The actual number of backends is calculated using this equation:
replicas = max( ceil( cores × 1/coresPerReplica ) , ceil( nodes × 1/nodesPerReplica ) )

Armed with that information, we edit the coredns-autoscaler configMap:

$ kubectl -n kube-system edit cm coredns-autoscaler
:
linear: '{"coresPerReplica":128,"min":1,"nodesPerReplica":1,"preventSinglePointFailure":true}'

Usually the default value for nodesPerReplica is 4. By assigning to it the value of 1, you’re ensuring you have #nodes of resolver instances, speeding up your DNS resolution in the unfortunate case where your cluster spans more than one region.

The things we do when we break the rules…

on brilliant assholes

[ yet another meaningless micropost ]

From time to time people get to read the autobiography, or memoirs of a specific time when a highly successful individual reached their peak.

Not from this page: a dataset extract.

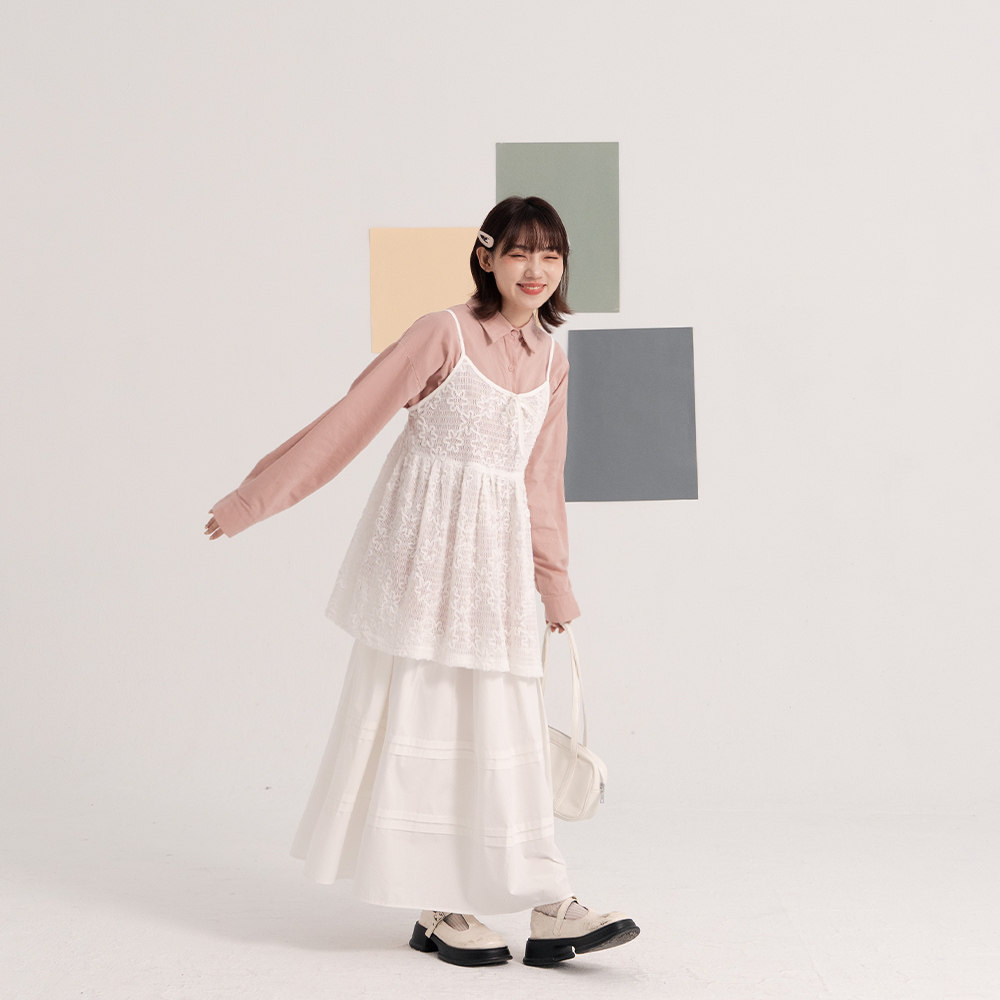 半练带胸垫裙子吊带裙白色连衣裙秋季流行长裙小个子黑色背心裙女

Fascinated by their success and seeking to improve their own status, these followers* copy the behavior they read about. Interestingly, if this behavior is assholic and abusive even more easier. Someone with psychology studies would have more to say here, I’m sure. In my “communication radius” this is very easy to observe with people who want to copy successful sports coaches, and you can see this pattern crossing over to other work domains too.

It is not easy to understand that someone can be an asshole whose brilliance may make them somewhat tolerable to their immediate workplace, while the other way round does not stand: assholic behavior does not generate brilliance. Solutions do.

If you think you’re brilliant, just pick a hard problem and solve it. I know, it’s …hard.

[*] Leadership programs and books create followers, not leaders.